Paralelamente al desarrollo de una sociedad abierta y rica, se da la restricción de libertad y posibilidad de progreso de los médicos jóvenes, tanto como de otros profesionales. El neoliberalismo es, oxímoron, liberalismo sin libertad. Liberalismo de la especulación financiera que supedita al medro de la plutocracia el albedrío del hombre y el compromiso inversor de la empresa y que ha conducido a una sociedad debilitada, menos justa y, por tanto, insegura. Los profesionales de la medicina y de los servicios públicos de salud se quieren vicarios de intereses egoístas. Esto ha condicionado el empobrecimiento de la profesión, ante todo moral, y la huida, por abandono, de los mejores, ya no peregrinos en su patria como hombres libres, sino extranjeros, por necesidad emigrados. A la postre, o volvemos al buen gobierno o se perderá todo.

Desde la perspectiva que te da la jubilación y los años de ejercicio. ¿Cómo ves la profesión? Has vivido una España de atraso y aislamiento, a la incorporación al nuevo siglo lleno de retos y posibilidades.

En nada se parece la Medicina, en cuanto a saber y acción, de lo que era cuando comencé a practicarla. Hoy, un reto de nuevos saberes y progreso cooperativo. Retos y posibilidades son lo mismo: el mundo digital, la microingeniería, la robotización, la inteligencia artificial… Nada de todo esto será ajeno a la Medicina, ciencia impura que todo aprovecha por necesaria curiosidad, experimentación y utilidad. Ni a los médicos, cuya vida ha de ser estudio y convenio. Sus generaciones serán más sabias y mejores. Los problemas a afrontar los veo en la necesidad de armonía. Armonía en su estructura y en la relación con los proveedores de medios. La diversidad de hacer y saber, que ha conducido a lo que llamamos especialidades, precisa de su interconexión profunda y segura, cosa que no se obtiene con la supeditación de unas sobre otras. Armonía con los que han de proporcionar medios al arte [Medicina] y su distribución en espacio y tiempo. Armonía entre los profesionales de la política y de la medicina. El entendimiento entre las dos profesionales, médicos y políticos, tiene obligatoriamente los caminos trazados. Las condiciones del político son las de representante, compromisario y gestor. Y también el médico debe representar al hombre enfermo, comprometerse con su beneficio y bienestar, y gestionar con eficiencia los medios que se le entregan. Hemos de darnos un futuro abierto y generoso. Obligarnos a desplazar a los mediocres y mezquinos. Éste es el reto del que depende el futuro.

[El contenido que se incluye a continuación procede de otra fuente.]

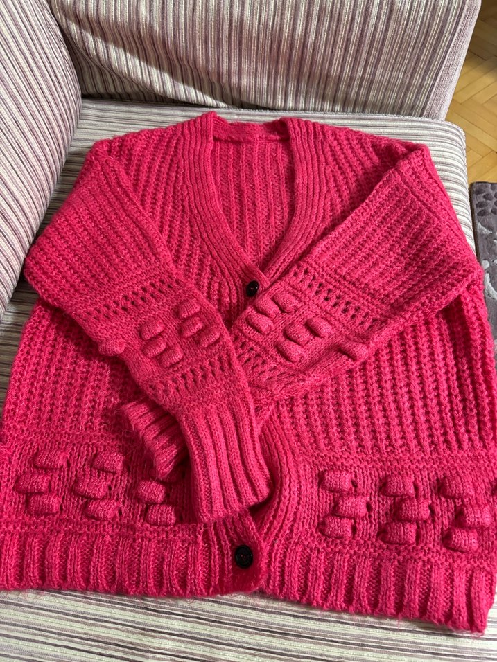 Bu pembe örgü kadın hırka, bol kesim ve uzun kollu, dokulu desenlere sahip, rahat ve renkli bohem tarz sunar. V yaka ve düğmeli, günlük kullanıma uygundur. Çok az kullanıldı. M bedene uygundur.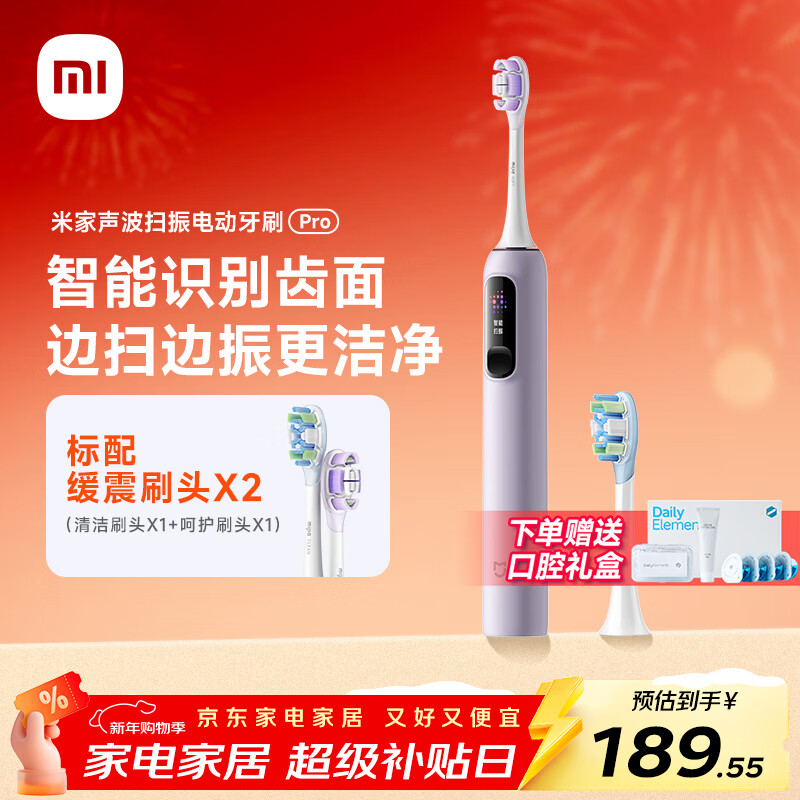 米家小米声波扫振电动牙刷Pro 智能分面扫振彩屏数显提醒 缓震包胶刷头180天续航新年礼物送男女友礼物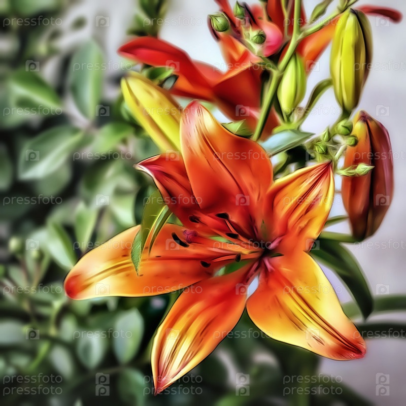 Иллюстрация цветка оранжевой цветущей лилии крупным планом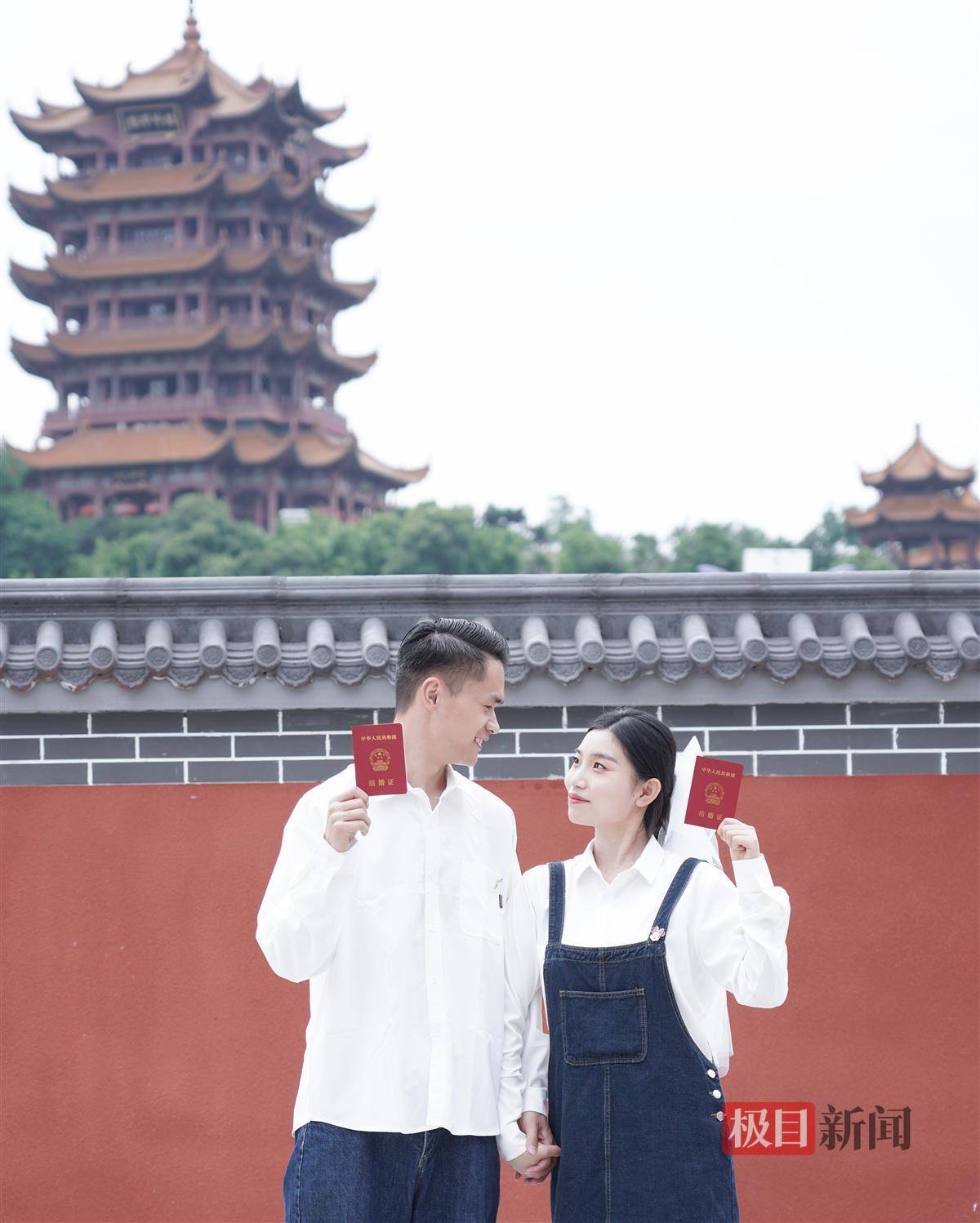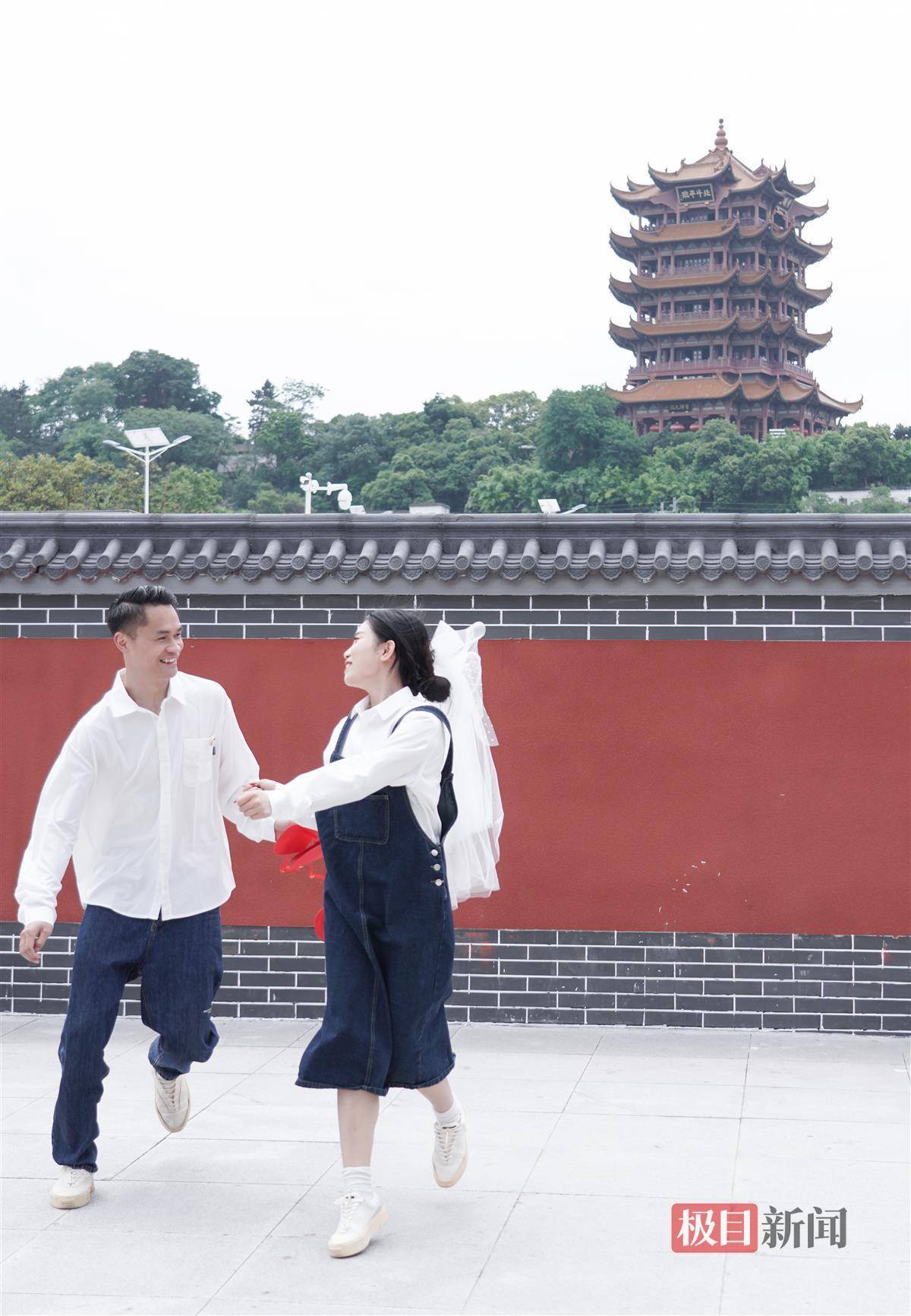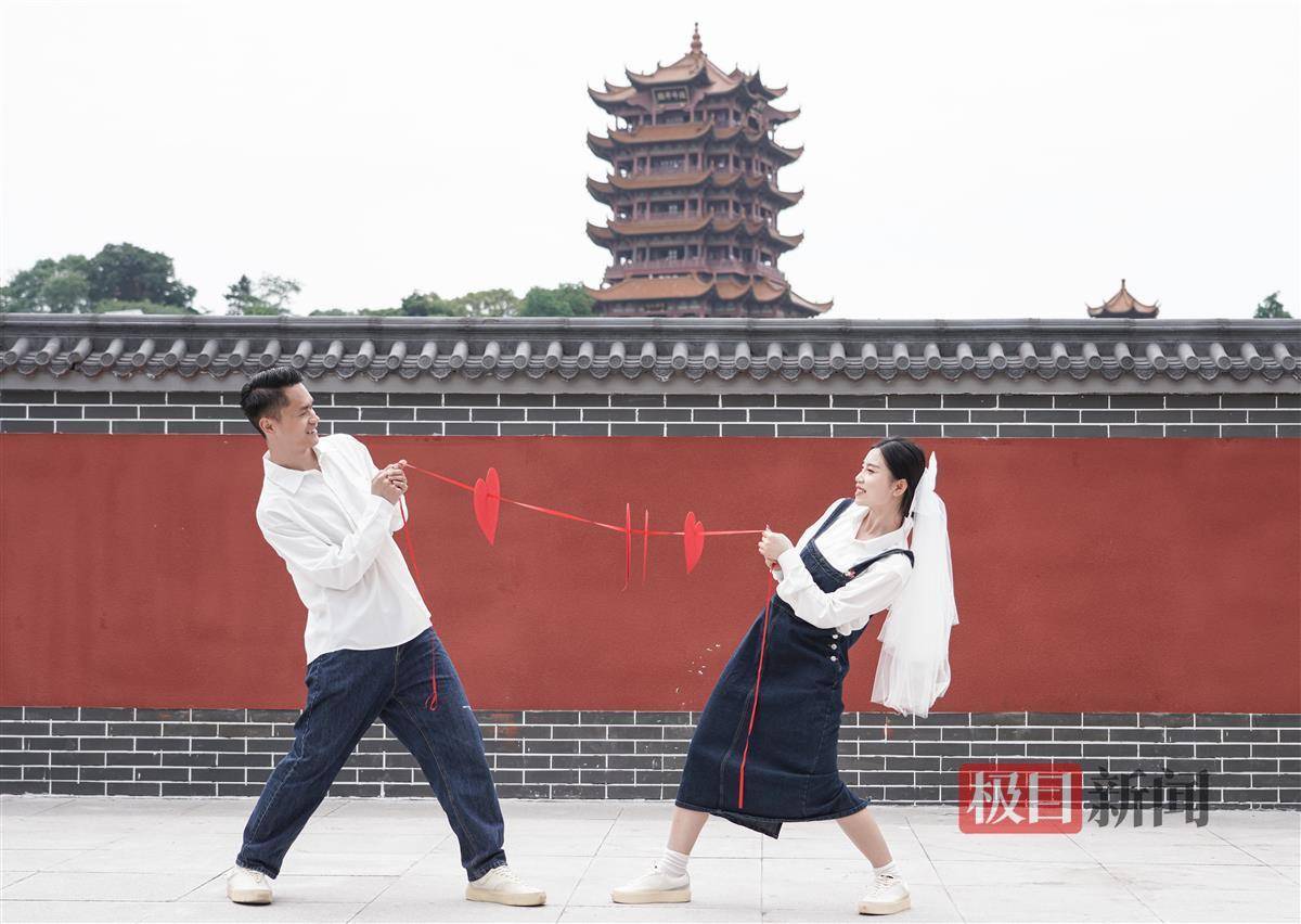 “故宫同款”同款围墙亮相黄鹤楼附近 吸引外地游客打卡 本地青年男女拍结婚照

2 thoughts on “Conversa amb Agustín Zamarrón, metge i diputat al Congrés: “Medicina y política obedecen a la moral y requieren compromiso”

  1. Mercè Pons Aguilar

    Aún recuerdo a Teresa Portus que coincidimos como residentes MIR en la promoción de 1975.
    Quiero manifestaros a los dos, la alegría que me ha supuesto saber de vosotros de nuevo.
    Siempre recordaré la sensación de regocijo que tenía de hacer la residencia de Medicina Interna en dicho hospital. Pensaba que estaba en el mejor lugar para mi formación y así fue: lo que aprendí de todos vosotros, el rigor científico, la honradez y la humanidad fue muy importante para toda mi vida profesional
    Un abrazo a Teresa.
    Soc la Mercè Pons

  2. Isidro Ferrer

    Era un maestro de la vida y de la medicina. Y sigue con el mismo impetu, inteligencia y sabiduria.
    Para mi fue una persona clave que marco unos valores que me han acompañado siempre.